_THE RECORDS_

>>>

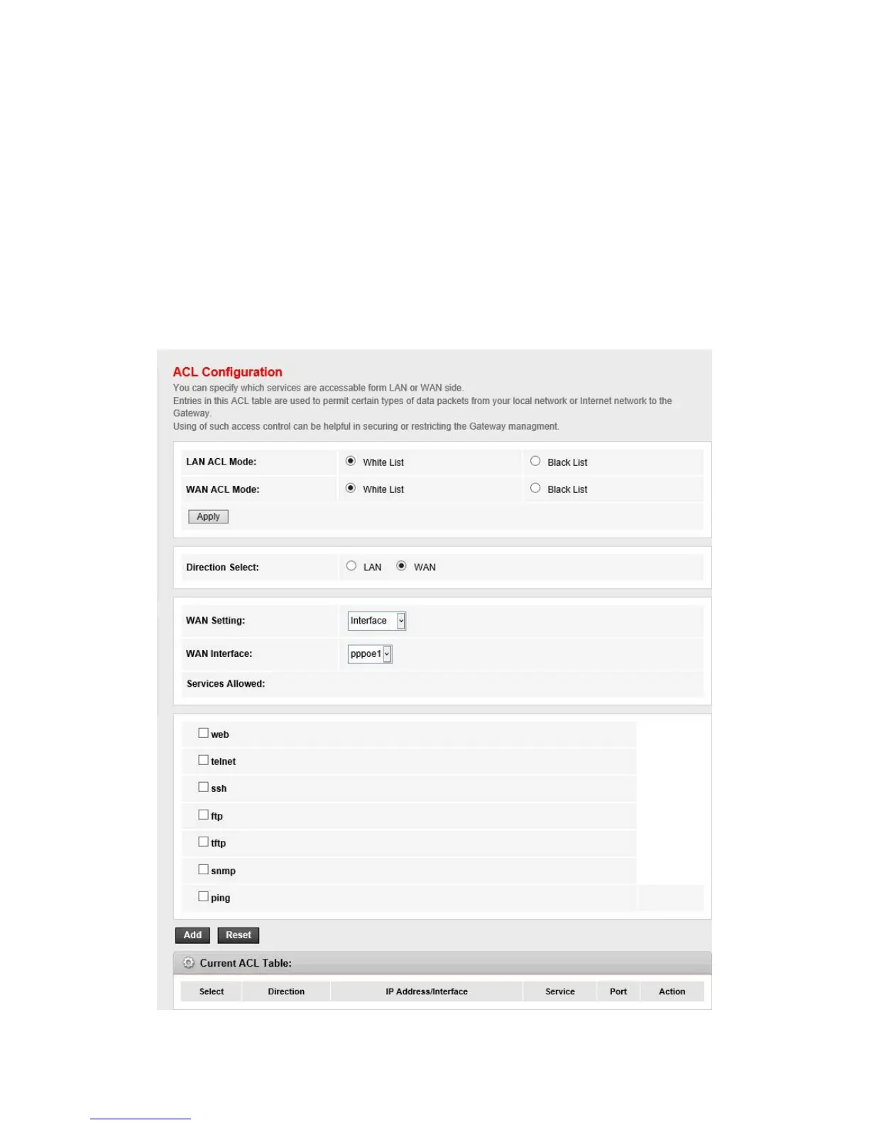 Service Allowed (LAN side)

<<<
>>>

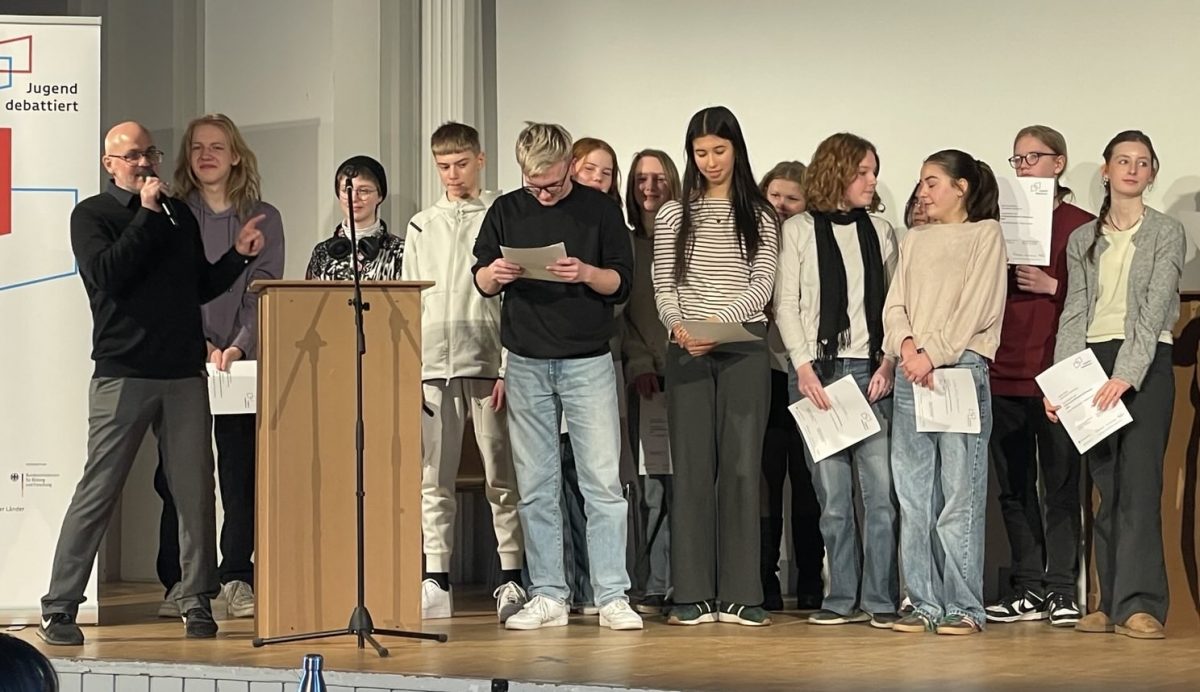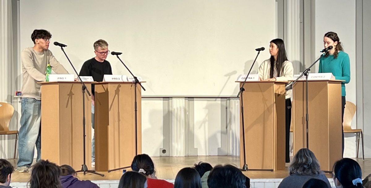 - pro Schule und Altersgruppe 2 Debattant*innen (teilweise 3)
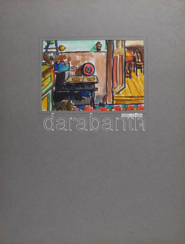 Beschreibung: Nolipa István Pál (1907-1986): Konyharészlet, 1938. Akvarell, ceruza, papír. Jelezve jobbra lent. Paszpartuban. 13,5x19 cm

<<<
>>>

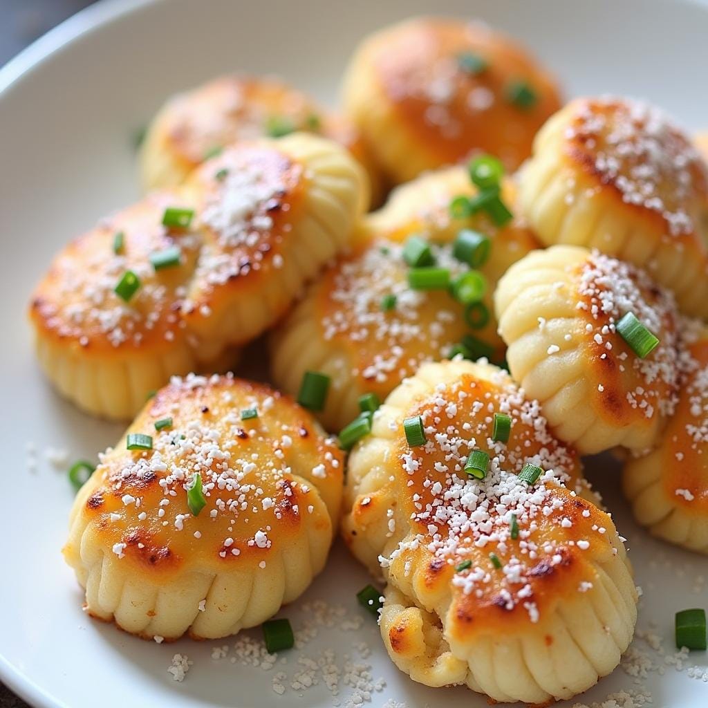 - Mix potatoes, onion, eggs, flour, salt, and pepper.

<<<

_TASK DIRECTIONS_
Only one stretch of the entries above is needed: the lines from the one containing "- pro Schule" through the one containing "Beschreibung: Nolipa István". Copy it exactly, without the pictures.

_WRITTEN ANSWER_
 - pro Schule und Altersgruppe 2 Debattant*innen (teilweise 3)
 Beschreibung: Nolipa István Pál (1907-1986): Konyharészlet, 1938. Akvarell, ceruza, papír. Jelezve jobbra lent. Paszpartuban. 13,5x19 cm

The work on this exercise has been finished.